**Exercise**: From the line containing "The Mandalorian helmet" to the last line of the data, both included, transcribe each line exactly, leaving out pictures and adding nothing.

**Collected material**:
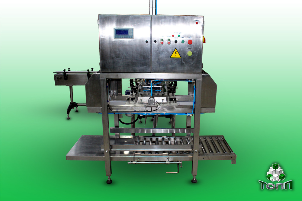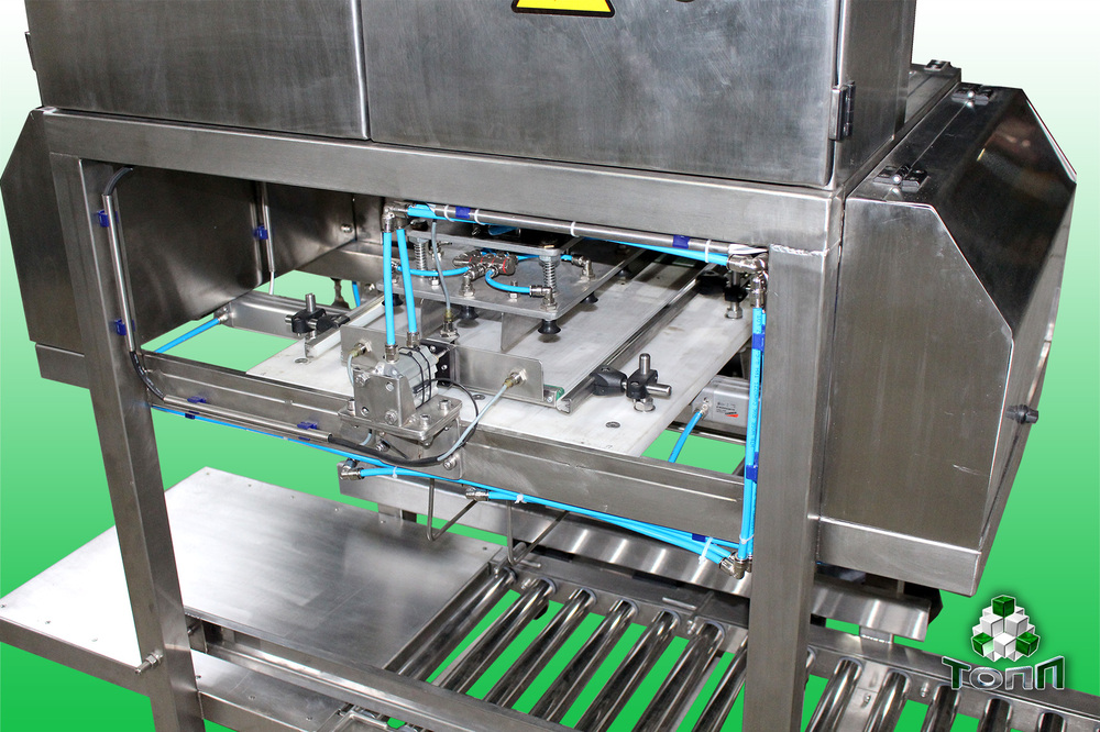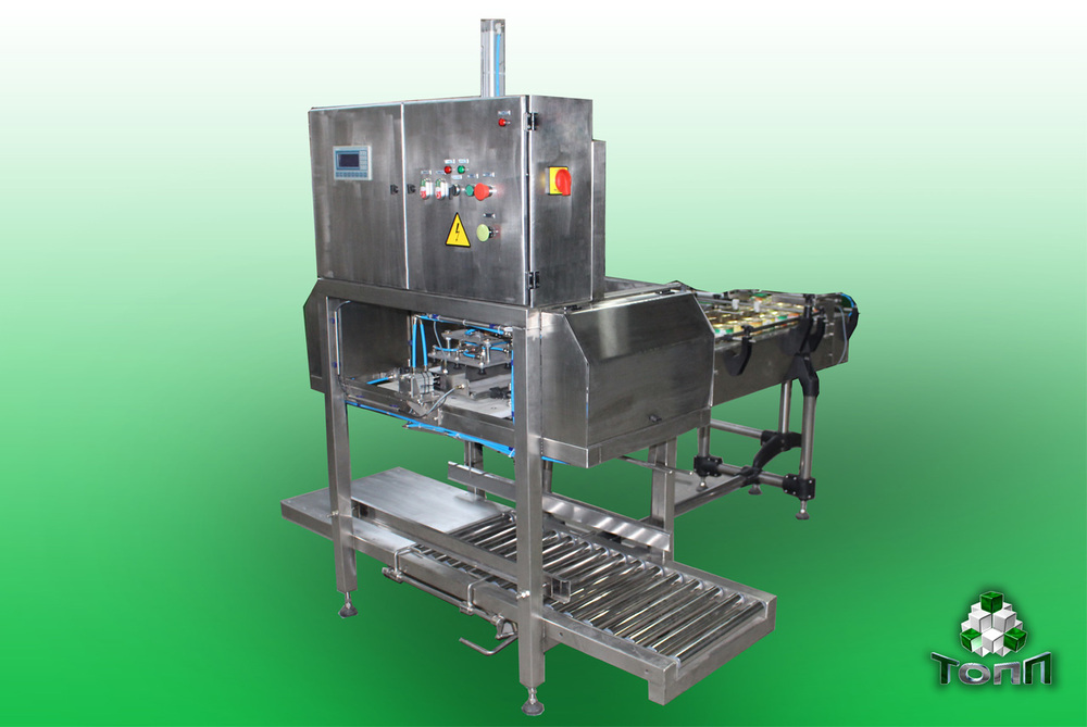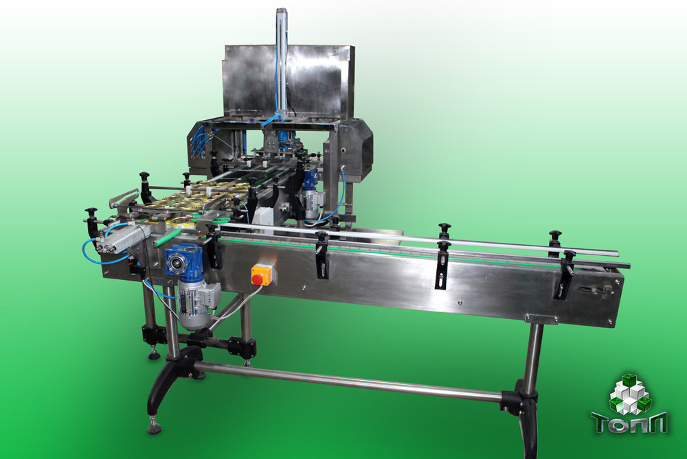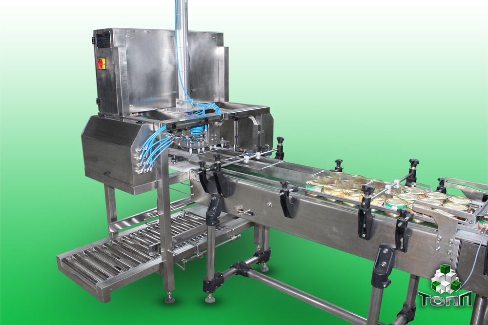 Упаковочный автомат. Представляет собой узел для укладки банок в коробку. Конструктивно он состоит из рамы, основного опускающего узла (пневматический цилиндр), плиты с вакуумными присосками, раздвигающего стола, приспособления для фиксации коробки.
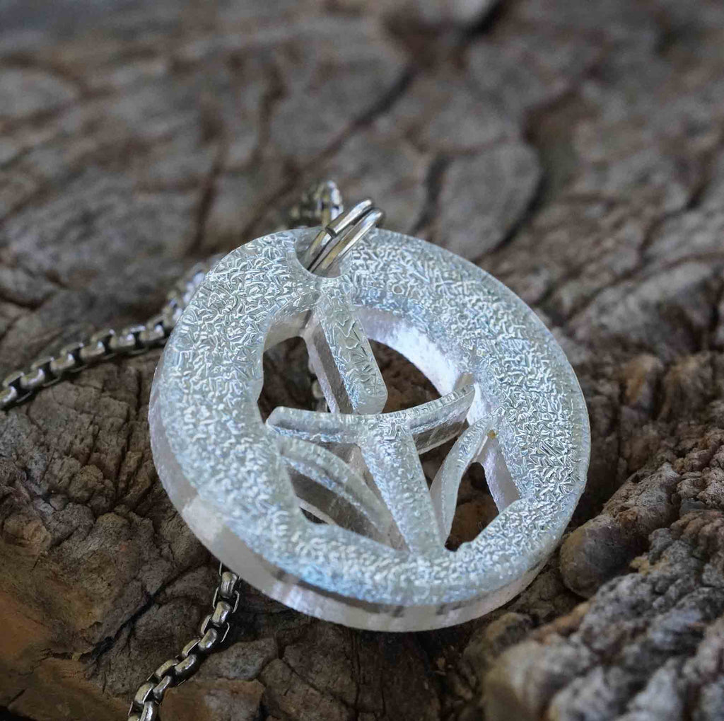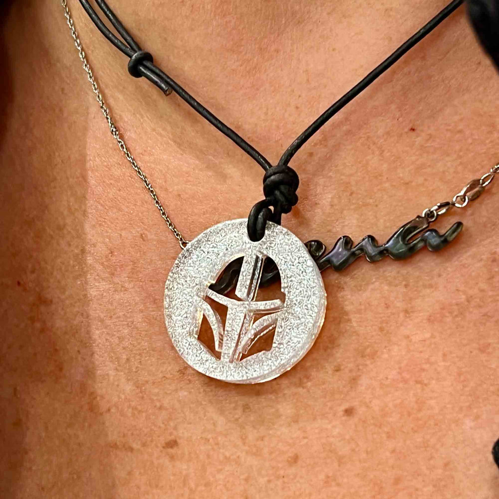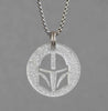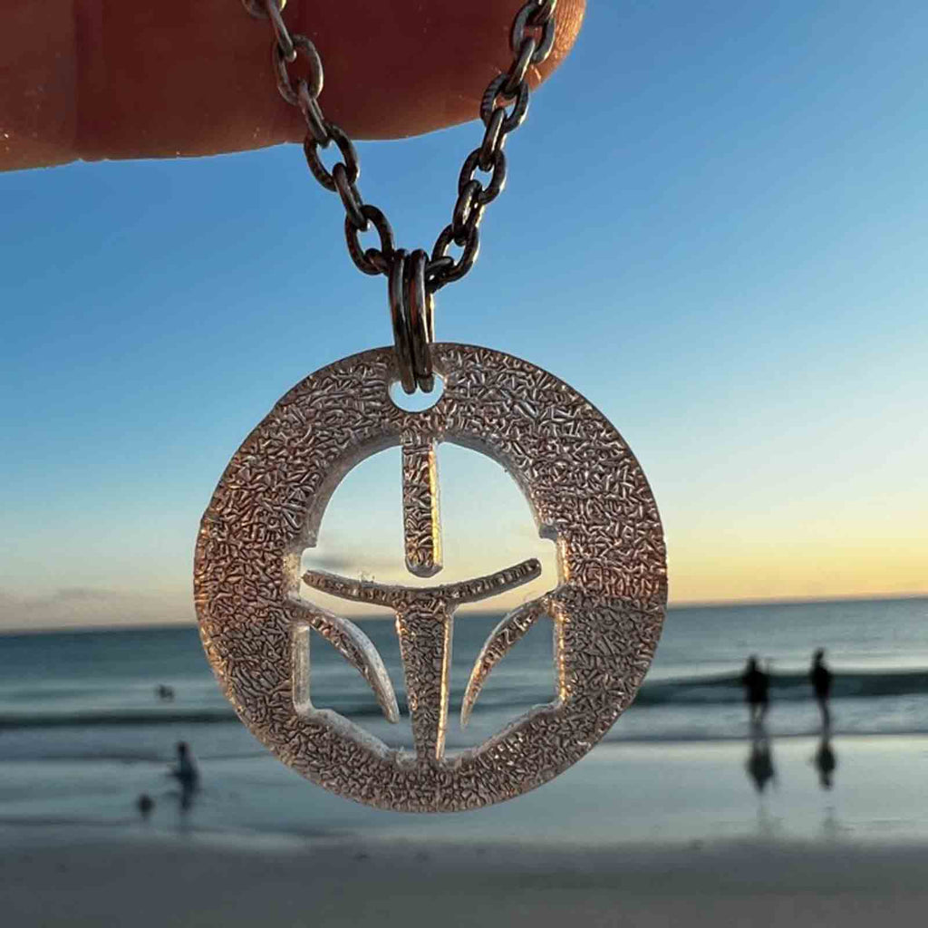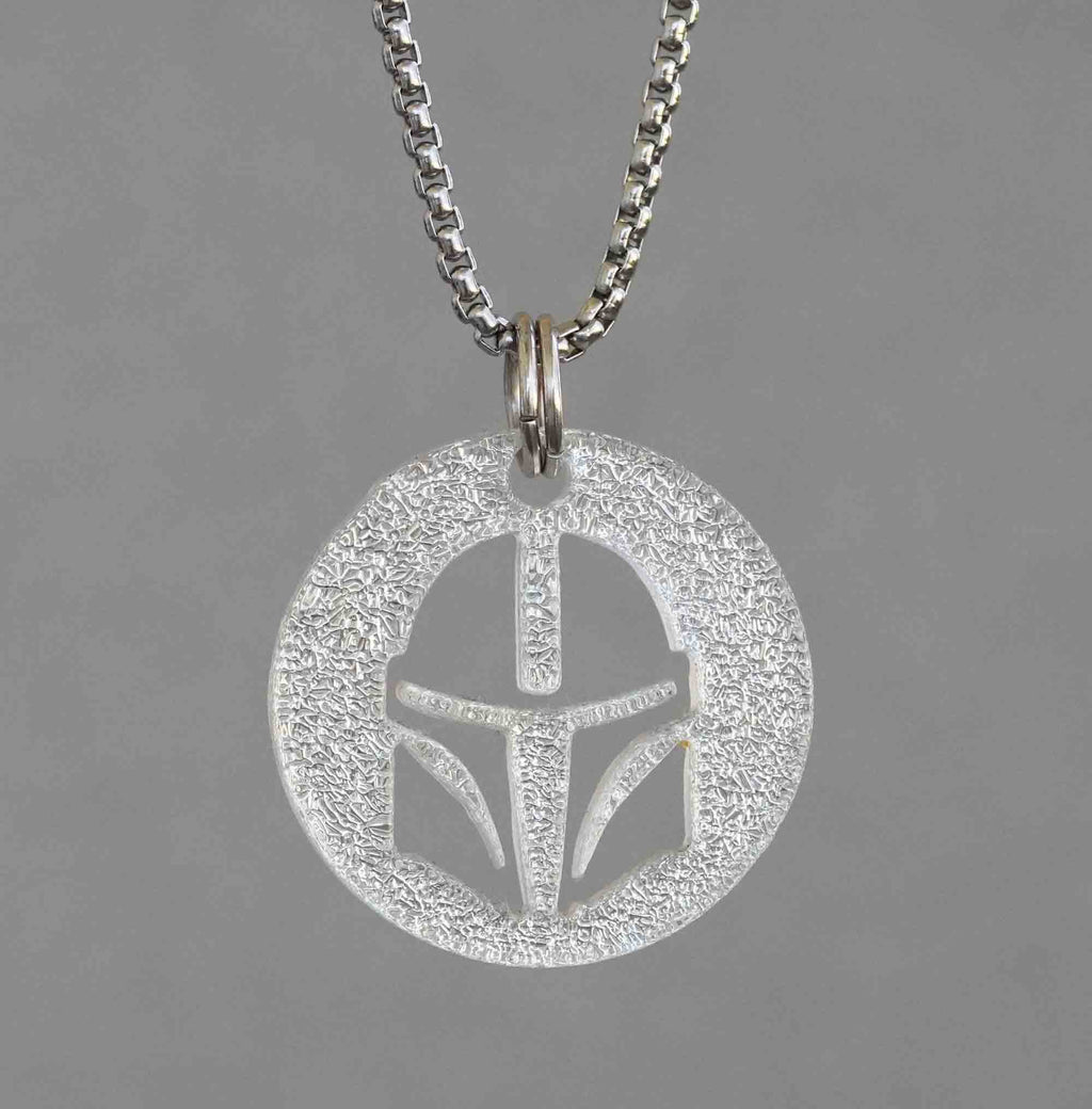 The Mandalorian helmet silhouette fan art design, made of silver color dichroic glass with a stainless steel backing, is a decorative item that features the shape of the iconic helmet worn by Din Djarin, the titular character in the Star Wars series "The Mandalorian." The helmet is made of dichroic glass, a type of glass with a metallic coating that causes it to appear to change color when viewed at different angles. The silver color likely gives it a sleek, shiny appearance. The glass is mounted on a stainless steel backing which could give the product a sturdy and firm finish.
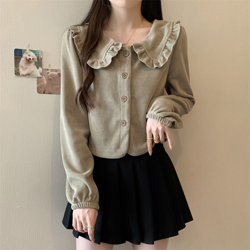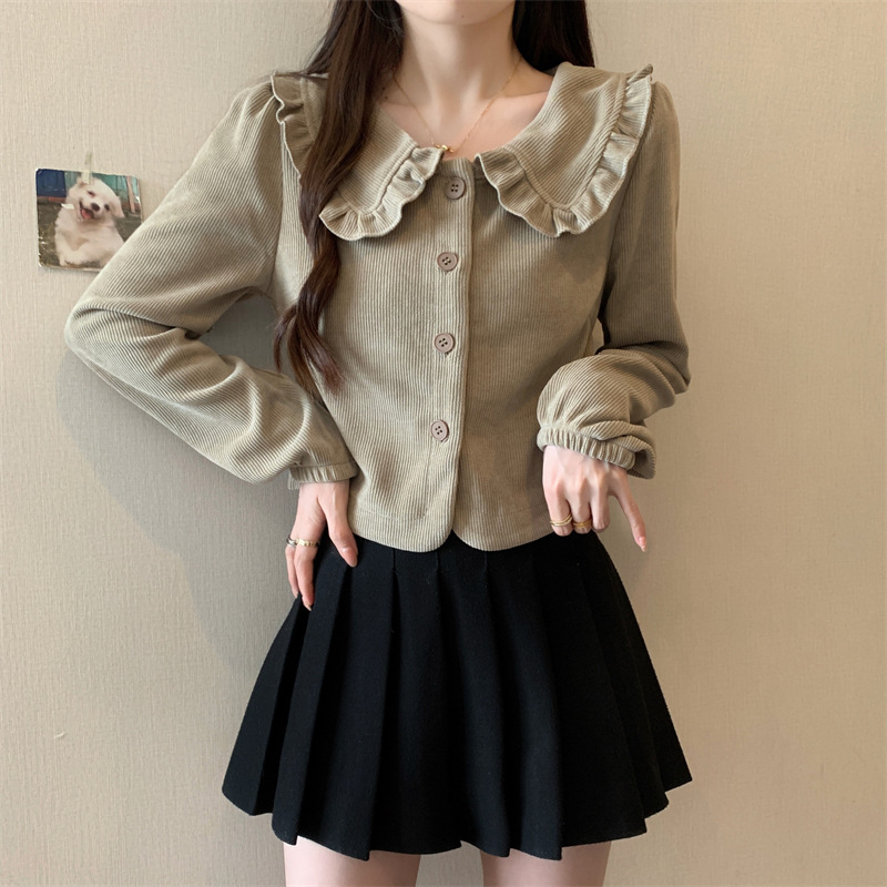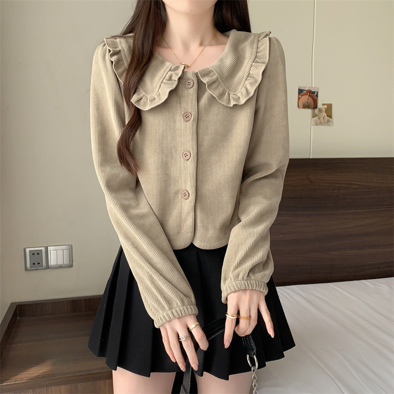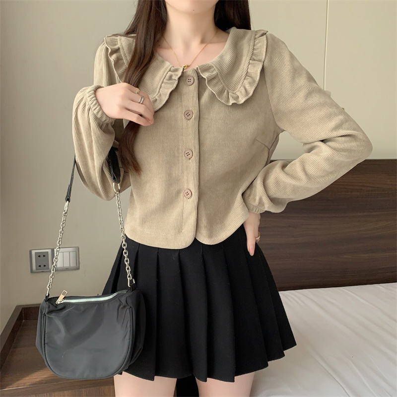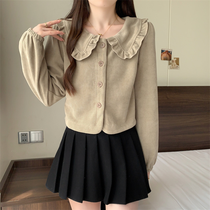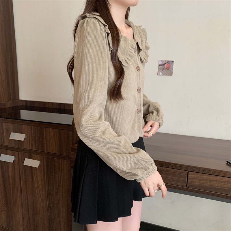 인형 칼라 코듀로이 짧은 셔츠 여성의 가을과 겨울 디자인 센스 틈새 패션 의상 슬림 핏 탑 작은 셔츠 재킷스토어 가기

**Your response**:
 The Mandalorian helmet silhouette fan art design, made of silver color dichroic glass with a stainless steel backing, is a decorative item that features the shape of the iconic helmet worn by Din Djarin, the titular character in the Star Wars series "The Mandalorian." The helmet is made of dichroic glass, a type of glass with a metallic coating that causes it to appear to change color when viewed at different angles. The silver color likely gives it a sleek, shiny appearance. The glass is mounted on a stainless steel backing which could give the product a sturdy and firm finish.
 인형 칼라 코듀로이 짧은 셔츠 여성의 가을과 겨울 디자인 센스 틈새 패션 의상 슬림 핏 탑 작은 셔츠 재킷스토어 가기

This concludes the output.